Ghent’s contemporary art museum S.M.A.K. is celebrating twenty years at its present location.  To mark this anniversary S.M.A.K. is staging “Highlights for a Future. The Collection (1)”, an exhibition drawing on the 2,500 items in its own collection of post-1945 art from at home and abroad.

For a change all the wings of the S.M.A.K. building in the Ghent Citadel Park have been crammed with art from S.M.A.K.’s own collection.  It’s been a unique opportunity to show many of the works that are often in storage.  S.M.A.K.’s Thibaut Verhoeven: “We’re looking to the future, pointing out artists from the collection that may not yet be world famous, but have the potential to become so in the next two decades. At the same time we’re saying that for contemporary art you can no longer build one narrative.  There are always several narratives.  What used to be a world dominated by white men in the West has truly become an international phenomenon nowadays. ”

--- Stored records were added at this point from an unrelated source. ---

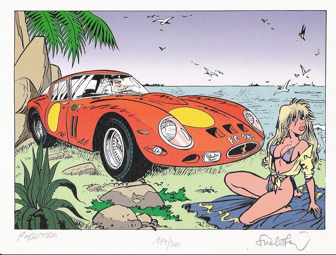 Commentaire : La "Ferrari 250 GTO de 1962". Ex-libris faisant partie de la série "voiture" en couleur. Ces ex-libris sont réalisés par différents auteurs : F. Walthéry pour les décors et les pin-up, le ou les autres auteurs pour la voiture et d'autres éléments. Ici, P. Foerster. Signé par les 2 auteurs.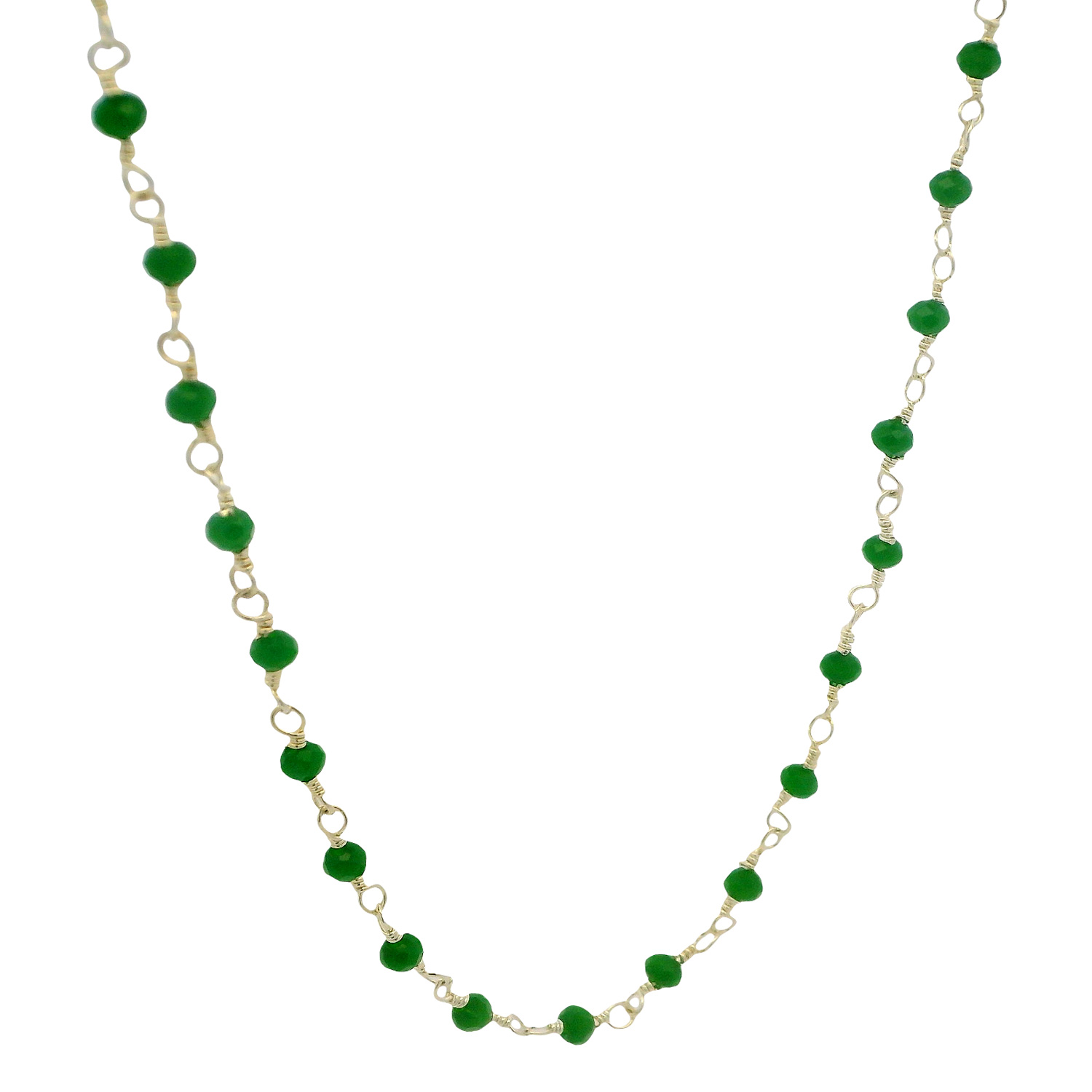 Gehna Jaipur Green Jade Color Cubic Zirconia Beads Necklace (Silver) For Girls & Women CC-1034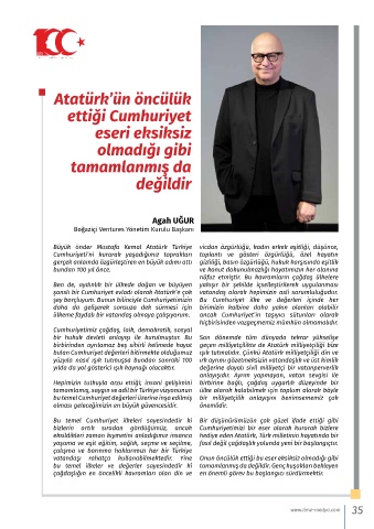 şey borçluyum. Bunun bilinciyle Cumhuriyetimizin Bu Cumhuriyet ilke ve değerleri içinde her

This is clearly illustrated by Bulgaria’s Nedko Solakov and his installation “The Collector of Art” (top).  The collector is a black man from Africa, who has brought the finest western art together in his hut.  All the items are purchased with cocoanuts. The installation includes many works from S.M.A.K.’s own collection chosen by Solakov!

At “Highlights for a Future. The Collection (1)” you can discover 150 works from S.M.A.K.’s 2,500 strong collection.  Works have been grouped around several themes, but it’s entirely up to you to pick your own route through the museum and enjoy the pieces you most want to see!

A favourite of many is “Picasso’s Guernica in the Style of Jackson Pollock”.  The British and American artists grouped in the collective around the publication “Art – Language” explore the relationship between the original and a reproduction.  The painting sticks closely to Picasso’s original figurative version, but uses Pollock’s black and white Düsseldorf style.  Like Pollock’s drippings it was done by hand using oil paint.  Squeeze your eyes and see if you can conjure up the figures of the original!

Artists like Belgium’s Ann Veronica Janssens use different mediums.  Paintings are no longer conventional paintings.  The same goes for sculptures that are no longer made from marble or clay.  Here, in “Untitled (Blue Glitter)” from 2015 the work consists of blue glitter that has been strewn on the floor.

In an era when the world has discovered fake news S.M.A.K. asks how fake can an image be?  Thibaut Verhoeven: “Artists use real images but give them a twist.  Dara Birnbaum uses footage broadcast during news coverage about the clamp down on Tiananmen Square in Beijing in 1989.  What is fact and what is propaganda? It’s hard to find the truth in all the chaos.”

Interesting too is Carsten Nicolai’s “Portrait”.  Nicolai makes a video portrait of his subject.  Then pulls the tape out of the video cassette and tightens it over a panel. The strips are so close the onlooker sees an abstract painting in the rhythm of the vertical lines.

Belgium’s Guillaume Bijl provides more fun with his installation “Lustrerie Media” from 1984.  The work first got shown at the Basel Art Fair.  It replicates the typical art fair stand, but filled from top to bottom with standing and hanging lamps it created confusion by conjuring up the atmosphere of a construction or decoration trade fair.  Had somebody made a mistake?

Any exhibition on S.M.A.K. wouldn’t be complete without a tribute to S.M.A.K.’s first curator, Flemish art guru Jan Hoet, whose inimitable look meets us from the work of Marlene Dumas in "Portret van J.H."

"Highlights for a Future, The Collection (1)" runs at S.M.A.K. in Ghent until 29 September 2019. S.M.A.K. is located in the Citadel Park in Ghent, ten minutes’ walk from the Gent-Sint-Pieters railway station.